● **AIM OF THE TASK**:
In the records below, begin at the line containing "В органы внутренних" and end at the line containing "Related : Surah"; quote every line in that span exactly, including both boundary lines, and no others.

● **RECORDS PROVIDED**:
==*==
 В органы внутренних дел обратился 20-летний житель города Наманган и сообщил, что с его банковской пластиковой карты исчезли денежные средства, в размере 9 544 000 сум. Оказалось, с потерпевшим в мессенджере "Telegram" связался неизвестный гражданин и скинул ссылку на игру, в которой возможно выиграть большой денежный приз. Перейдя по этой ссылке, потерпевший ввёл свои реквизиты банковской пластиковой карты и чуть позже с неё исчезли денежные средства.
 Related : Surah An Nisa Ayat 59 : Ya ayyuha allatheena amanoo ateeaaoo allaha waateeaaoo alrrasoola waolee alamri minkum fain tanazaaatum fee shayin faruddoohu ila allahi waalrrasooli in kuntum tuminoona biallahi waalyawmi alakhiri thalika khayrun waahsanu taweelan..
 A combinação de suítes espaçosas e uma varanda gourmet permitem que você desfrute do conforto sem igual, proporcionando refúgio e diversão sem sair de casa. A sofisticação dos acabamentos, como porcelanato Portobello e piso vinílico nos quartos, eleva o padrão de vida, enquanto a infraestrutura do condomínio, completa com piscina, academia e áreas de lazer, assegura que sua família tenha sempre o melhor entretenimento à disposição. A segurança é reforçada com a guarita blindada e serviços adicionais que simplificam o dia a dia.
==*==
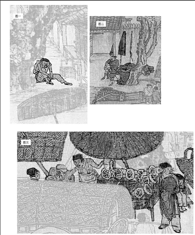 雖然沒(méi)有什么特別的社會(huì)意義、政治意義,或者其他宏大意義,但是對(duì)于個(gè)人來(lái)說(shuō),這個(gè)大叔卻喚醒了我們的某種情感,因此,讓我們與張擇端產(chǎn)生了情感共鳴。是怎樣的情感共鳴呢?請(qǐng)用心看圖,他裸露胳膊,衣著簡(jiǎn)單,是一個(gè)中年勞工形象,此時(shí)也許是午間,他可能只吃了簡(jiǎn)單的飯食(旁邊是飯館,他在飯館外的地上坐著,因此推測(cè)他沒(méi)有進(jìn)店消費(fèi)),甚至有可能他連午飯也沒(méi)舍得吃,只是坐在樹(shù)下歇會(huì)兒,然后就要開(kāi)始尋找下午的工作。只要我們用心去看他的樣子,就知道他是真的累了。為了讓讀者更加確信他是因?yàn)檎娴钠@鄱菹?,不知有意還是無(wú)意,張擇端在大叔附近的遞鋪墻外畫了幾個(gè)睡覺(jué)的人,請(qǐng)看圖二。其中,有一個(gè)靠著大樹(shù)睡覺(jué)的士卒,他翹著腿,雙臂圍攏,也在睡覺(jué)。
==*==
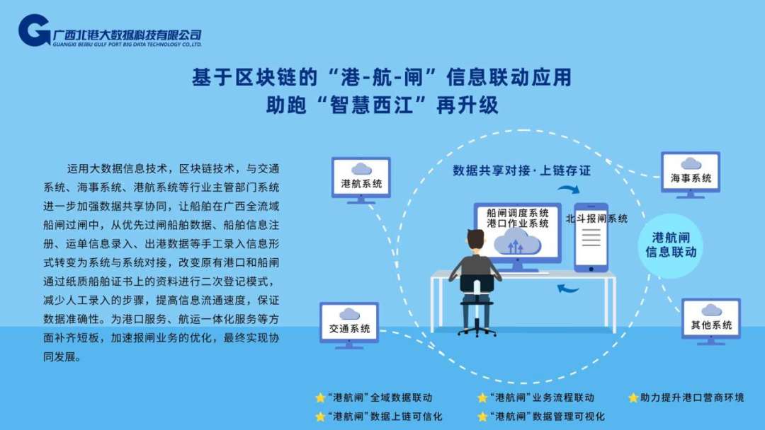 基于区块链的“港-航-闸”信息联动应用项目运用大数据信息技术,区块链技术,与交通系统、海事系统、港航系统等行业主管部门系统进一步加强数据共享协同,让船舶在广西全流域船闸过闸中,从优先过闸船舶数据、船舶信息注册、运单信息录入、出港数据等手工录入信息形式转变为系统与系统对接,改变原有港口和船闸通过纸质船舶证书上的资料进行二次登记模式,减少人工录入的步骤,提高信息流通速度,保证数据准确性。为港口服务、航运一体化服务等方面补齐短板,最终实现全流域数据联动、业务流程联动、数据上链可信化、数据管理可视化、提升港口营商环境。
==*==
● **RESPONSE TO THIS EXERCISE**:
 В органы внутренних дел обратился 20-летний житель города Наманган и сообщил, что с его банковской пластиковой карты исчезли денежные средства, в размере 9 544 000 сум. Оказалось, с потерпевшим в мессенджере "Telegram" связался неизвестный гражданин и скинул ссылку на игру, в которой возможно выиграть большой денежный приз. Перейдя по этой ссылке, потерпевший ввёл свои реквизиты банковской пластиковой карты и чуть позже с неё исчезли денежные средства.
 Related : Surah An Nisa Ayat 59 : Ya ayyuha allatheena amanoo ateeaaoo allaha waateeaaoo alrrasoola waolee alamri minkum fain tanazaaatum fee shayin faruddoohu ila allahi waalrrasooli in kuntum tuminoona biallahi waalyawmi alakhiri thalika khayrun waahsanu taweelan..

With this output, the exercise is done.